Кейн подняла на Атреса неверящий взгляд, увидела его глаза прямо напротив – черные, прищуренные от боли – и поняла, что нашла.

Камертоном было сердце.

Кейн потянула этот звук к себе, в себя, сквозь Мираж и какофонию. Он был четкий и безусловный, этот звук, очень земной и от того неодолимый. Он упорядочивал, прогонял заразу, не оставляя ничего, кроме себя. Стало очень тихо, где-то на границе сознания затихала буря, засыпала валькирия, перерождаясь во что-то новое, совсем другое, звучащее совершенно иначе.

– Я знаю кто вы, – хотела сказать Атресу Кейн. – Я знаю, почему вы звучите, как схема.

Губы не слушались, мир отдалялся все больше. Мираж засасывал в себя, убаюкивал, как сладкий черный океан. Нужно было держаться, но все стало пустым и неважным, Кейн видела себя на самой поверхности, и слои в глубине, и присутствие того самого древнего Нулевого Архетипа.

– …вернуться! Кейн, вы должны вернуться….К…йн…

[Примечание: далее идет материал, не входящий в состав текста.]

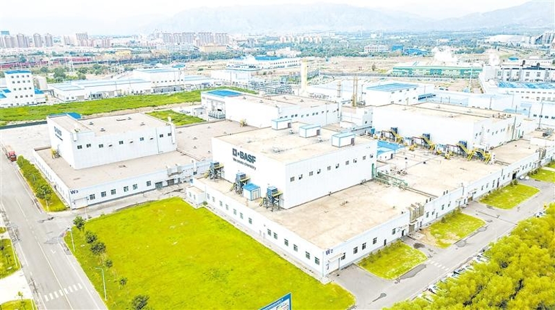 俯瞰巴斯夫杉杉电池材料(宁夏)有限公司厂区。石嘴山是宁夏工业的摇篮,有25个工业门类,是宁夏工业门类最多、产业体系最完备的地级市。
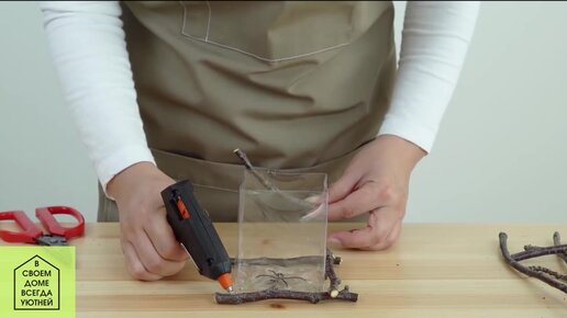 Горшок для растений из пластиковой бутылки и веток
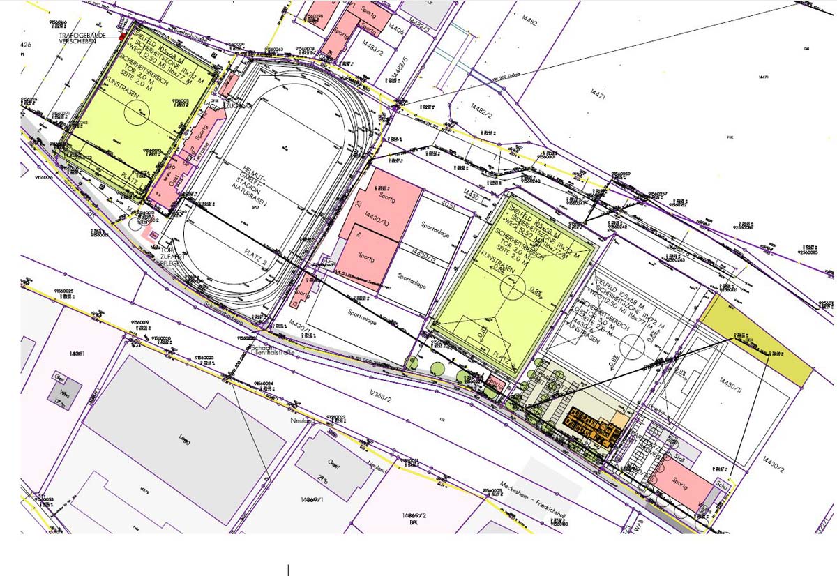Anfang 2017 wird schließlich mit dem Umbau der Sportplätze 3 und 4 begonnen und neu ausgerichtet. Aus den Rasen- werden Kunstrasenplätze mit einer neuen Beregnungs- und Flutlichtanlage. Im Bereich des Sportplatzes 4 werden neben dem neuen Funktionsgebäude und einer neuen Hammerwurfanlage auch weitere Parkplätze entstehen.
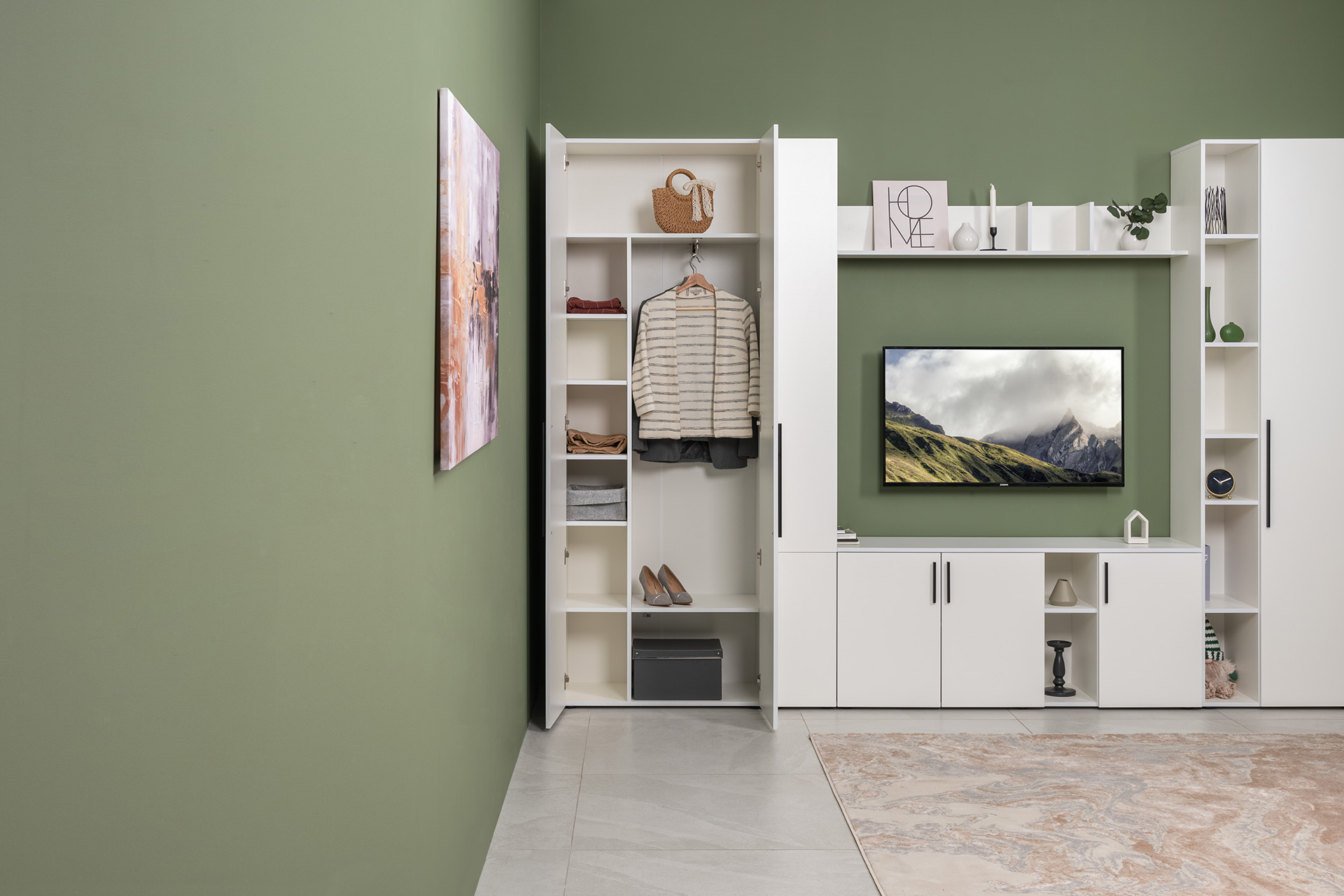 Шкаф для одежды Джастин 13.339 белый PE шагрень, дуб белый exclusive OW D4430
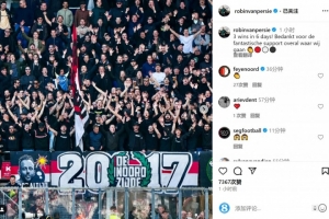 范佩西社媒晒出费耶诺德球迷的照片,配文:“6天之内取胜3场!感谢你们无处不在的大力支持!”
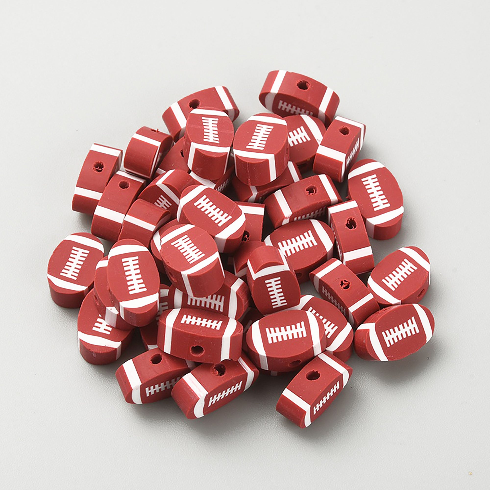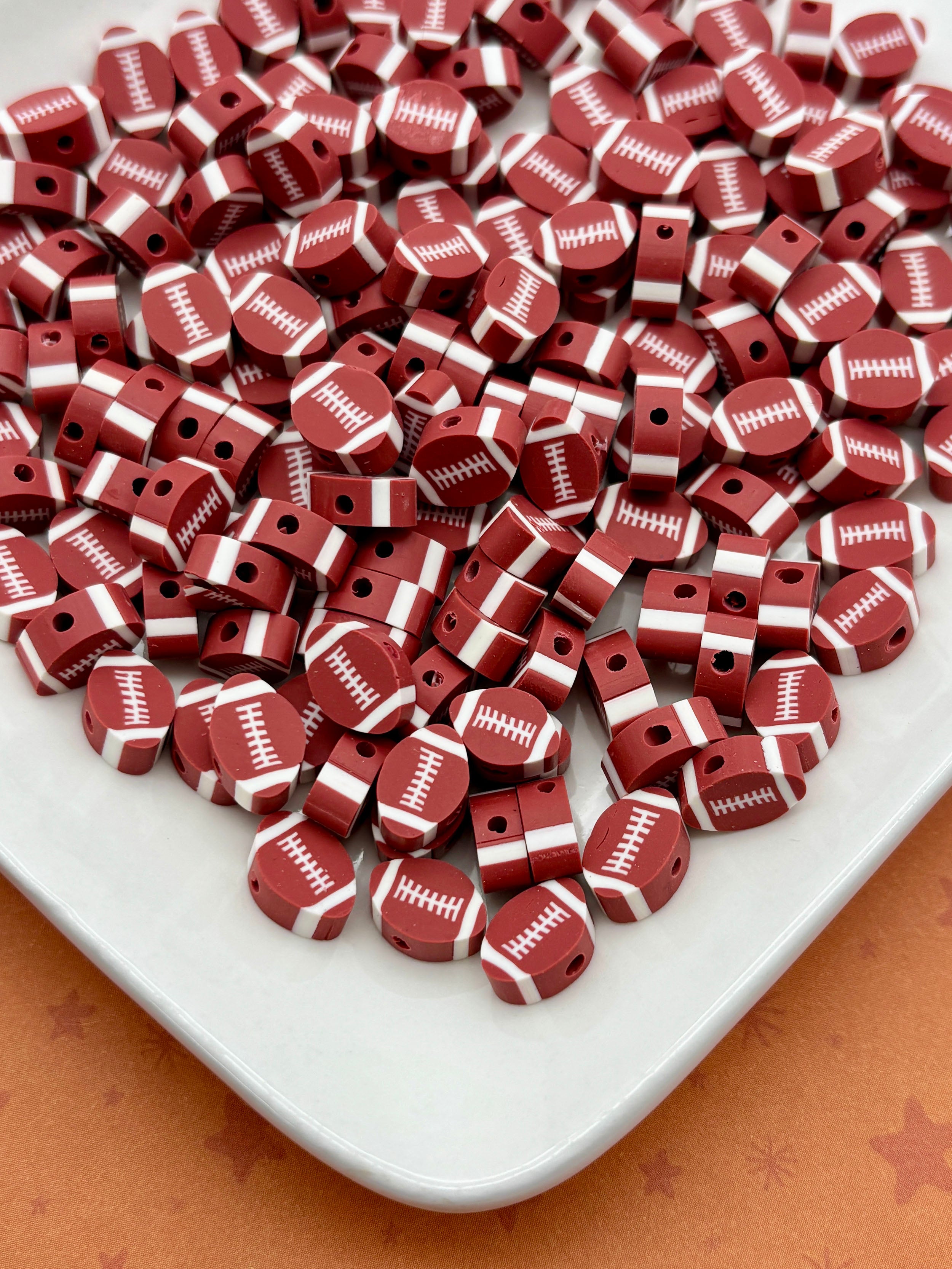 These are already baked polymer clay football beads. You will get 35 beads.
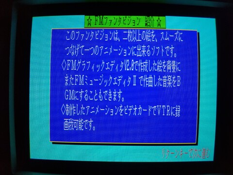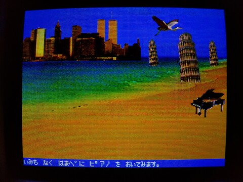 This final branch of the demo disk is probably the most interesting to me. I love games, but I’m also really interested in 8-bit productivity applications. This highlights some of the productivity apps available for this system. ![]() First up is Graphic Editor. It’s a ineloquent version of Photoshop, but then again, Photoshop 1 was also an ineloquent version of Photoshop! Actually I can’t judge its eloquency, but the demonstration was definitely over the top! This reminds me of an “examples of bad photoshop jobs” web page. But I think the reason was probably just limitation of technology at the time. It was 1987 on an 8-bit machine, after all! ![]() ![]() ![]() ![]() ![]() ![]() ![]() ![]() ![]() ![]() ![]() I mean, okay, most of it can be explained. buildings in the background, sure. Bird in the sky and kayak on the water, only natural. I know I have seen elegant images of pianos on the beach, probably in music videos and the like. I’ll even give it the computer. Perhaps they were trying to make a statement, the computer looks as elegant on a beach as the piano, or perhaps it was just a cheeky placement of their product.; either way is fine. The three Leaning Towers of Pisa, though?! That’s just jumping the couch! Three! Next up is some animation software. Now, I don’t know what potential this software has. The demo is certainly unimpressive, but it might have good applications? I mean, it has the NTSC converter/superimpose/VCR output card as an option, it might not be too far a stretch that this could be used in a budget production system to create some simple multimedia animations to go with other video content. But I am not sure you would jump to such a conclusion by seeing this demo. ![]() ![]() ![]() ![]() ![]() ![]() ![]() ![]() ![]() ![]() It establishes the three shapes as objects and seemingly automatically morphs from one object to the next as it goes across the screen. Beautiful, isn’t it? Third is a demo of FM Teleact/FM Communication, which is a simulation of dialing into a Japanese data service/BBS system. I probably missed out by never doing this when I was a teen. But not only did I not have a modem, I didn’t really even have the concept of computers accessing remote services at the time. I probably would have enjoyed it. ![]() ![]() ![]() ![]() ![]() ![]() ![]() ![]() ![]() The first screen introduces the software, and the second screen is the main menu when you launch the software, allowing you to connect to or to set up your services. The following three screens are all setup screens, just to show what options were available. Finally, in the sixth screen, we connect and log in. The seventh screen shows us a menu of services, from which 3 is selected – a bulletin board system. On the eighth screen is a list of options for interacting with the bulletin board, you can manage your profile, engage in free talk, talk about hobbies, travel, and books, etc. The “user” chooses 9, a bulletin board to discuss computers and word processors. Beneath that, a list of posts are displayed. The user opens one and reads some information about advanced features of the FM77AV20EX and logs out. Probably don’t want to stay connected too long, I imagine getting on these services was quite expensive in Japan in the 80s! Finally, and this is the most interesting to me, is FM Japanese Sheet, an application similar to a spreadsheet that allows your to enter user-defined columns of data and manipulate the data using a GUI. I really wish I could find a copy of this and try using it! ![]() ![]() ![]() And this concludes this series on highlights of the FM77AV20EX system disk. Now to find something to do with my newfound free time! |
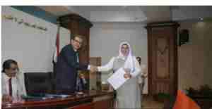 ناني حسن مرسى مدير عام مساعد الخدمات المساعدة بمنطقة البحر الأحمر لحصولها على المركز الأول في المسابقة الثقافية (البحوث العمالية ) البحث المقدم بعنوان التنمية المستدامة

Кейн зацепилась взглядом за лицо Атреса совсем близко, за его глаза, за нахмуренные брови.

Точка смещения, ей нужна была точка смещения.

Глаза у Атреса были совершенно черные, страшные, будто провалы дула. На секунду в них единственным мазком цвета отразилось красное яблоко.

Что-то внутри со щелчком встало на место, Мираж схлынул, Кейн сделала еще один судорожный вдох и потеряла сознание.

* * *

Ей снилась валькирия, она протягивала на ладони красное яблоко, но когда Кейн уже собиралась взять его, яблоко превращалось в карманные часы с резной крышкой. Где-то на границе восприятия расстилался океан Миража, образы всплывали с его поверхности и снова опускались вглубь, ниже и ниже, должно быть, к самому дну, к Нулевому Архетипу.

Часть сознания Кейн понимала, что это всего лишь сон, и он то стирался до черноты, то вновь обретал странную четкость, резал глаза.

Кейн пришла в себя будто от вспышки.

– …шок… в-званный… перенапряжение архетипа… – голос звучал сухо и спокойно, совсем рядом, царапал голову изнутри. Кейн хотела сказать ему, чтобы он замолчал.

Медленно она открыла глаза.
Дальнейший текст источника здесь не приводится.